Pingu at the Wedding Party (also known as A Very Special Wedding) is a 1997 television film featuring the Swiss (later British) character Pingu. It was originally broadcast in 1997, and was released on VHS and DVD in the UK in 2004. It was broadcast on BBC Two on 27 December 2010 and on CBeebies on 31 December 2010. The voices are given by Italian voice actors Carlo Bonomi and Pietro Ubaldi.

Plot
Pingu is helping Father deliver the mail. Pingu wakes up a penguin to deliver a parcel, but he's puzzled to receive it. Then his neighbor comes out and says it's for her, so Pingu grabs the parcel back and gives it to the other neighbor, who is delighted to get the parcel. The other neighbor on the other hand, gets very angry for not getting mail and shuts the door after yelling in anger. Father then gives the other neighbor more mail, but this time it was an envelope, as it's an invitation to a wedding. Pingu is curious and asks Father about it and he takes out an similar envelope and gives it to Pingu. Pingu is delighted and they go home. Mother was cooking and Pinga was playing until they were shown the envelope. A photo drops out of the envelope as Mother opens it and Pingu picks it up. Mother then exclaims happily that a penguin and a green penguin are getting married while reading the contents of the envelope. Father gets out his and Mother's wedding album with the green penguin friends and shows it to Pingu and Pinga.

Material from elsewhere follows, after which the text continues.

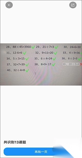 3、最后等待系统数秒,即可快速高效的批改孩子的口算作业,识别正确率也是非常高的,如果有多页也可以直接点击“再批一页”进行拍照。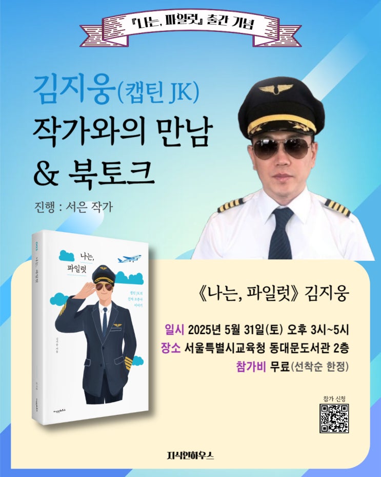 ✔김지웅(캡틴 JK) 북토크 공지 책 <나는, 파일럿> 출간 기념 북토크 소식을 알려드립니다. 조종사...

Mother and Father go to get a present, leaving Pingu and Pinga at home playing with wedding clothing and drawing pictures for the bride and groom. The parents are shown a remotely operated Roomba, which they decide to get. The cleaner and remote are put on the table, and Pingu is intrigued. Father warns Pingu not to touch the present and Pingu nods his head. Mother then comes in and tells Father that she needs a new hat, so they go out to get one, and leave Pingu and Pinga alone at home again. Pingu touches the control stick, and the parcel moves. Pinga comes over to watch, as Pingu pushes the stick on the remote control full forward. The parcel takes off and hovers like a helicopter. Pingu finds that pulling the stick back makes it land. Unfortunately, when the parcel lands it over-balances and falls off the table, landing upside down and getting dented. Grandpa comes nearby their house and wonders what was going on. Pinga then explains the matter and Grandpa solves the problem by picking the box up and hiding the dent from the parent's view. When the parents return, Grandpa leaves and on the way greets the parents. The parents don't notice the box and Pingu gets anxious.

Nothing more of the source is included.